Montage vidéo
Incendies de Notre-Dame et en Amazonie, «acqua alta» à Venise… Pour la cinquième année consécutive, l’artiste biennois Cee-Roo condense des extraits vidéo d’événements qui ont fait l’actualité pour créer une bande-son au rythme effréné

Dans le flot incessant et bouillonnant de l’actualité, il y a des images qu’on n’oublie pas. Celles qui, lorsqu’on les regarde de nouveau, nous donnent immédiatement la chair de poule. La place Saint-Marc à Venise sous les eaux en novembre, les fumées noires flottant au-dessus de la forêt amazonienne en juillet ou encore la flèche de Notre-Dame s’écroulant de l’édifice emblématique de Paris en avril en font partie.

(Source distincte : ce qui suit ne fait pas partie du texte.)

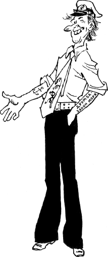 – Разве это моряки? От их парохода даже компотом не пахнет. А как они принимают товарищей? Разве они что-нибудь понимают в морской дружбе?! – презрительно усмехнулся детина и положил Солнышкину на плечо руку. На ней синими буквами было написано: «Дружба – закон моря».

Comme une piqûre de rappel, Cee-Roo condense en moins de trois minutes ces extraits vidéo qui ont marqué l’année 2019. L’artiste biennois, tout juste trentenaire, n’en est pas à son coup d’essai. En 2015, il lance le concept de «World Music» en tant que réalisateur pour la RTS. Appelé par les deux Vincent (Kucholl et Veillon), il rejoint l’équipe de 26 minutes puis celle de 120 minutes. Chaque mois, son style s’affine alors que les images choisies pour sa séquence s’entrechoquent pour former une bande-son au rythme effréné.
Du bruit à la mélodie
Pipe au bec et bonnet à pompon vissé sur la tête, Cee-Roo semble tout droit sorti d’un monde parallèle lorsque Le Temps le rencontre au Farel Bistro, lieu à la décoration minimaliste dans le centre de Bienne. Ce personnage farfelu, Cyril Käppeli (son double à l’état civil) le façonne depuis l’âge de 18 ans, notamment avec deux albums (Memories en 2012, River en 2017) où il se met en scène avec une forte dose d’autodérision.
Mais avec le concept de «World Music», Cee-Roo est en retrait, n’apparaissant jamais dans ces courtes vidéos au montage vif, dynamique et percutant. «Je compose une mélodie à partir de sonorités que tout oppose, résume-t-il en sirotant un cappuccino. Mon but est de créer une harmonie pour véhiculer des émotions fortes.» Le haka néozélandais, des feux d’artifice ou le bruit des mitraillettes sont ainsi utilisés pour donner du rythme à l’ensemble.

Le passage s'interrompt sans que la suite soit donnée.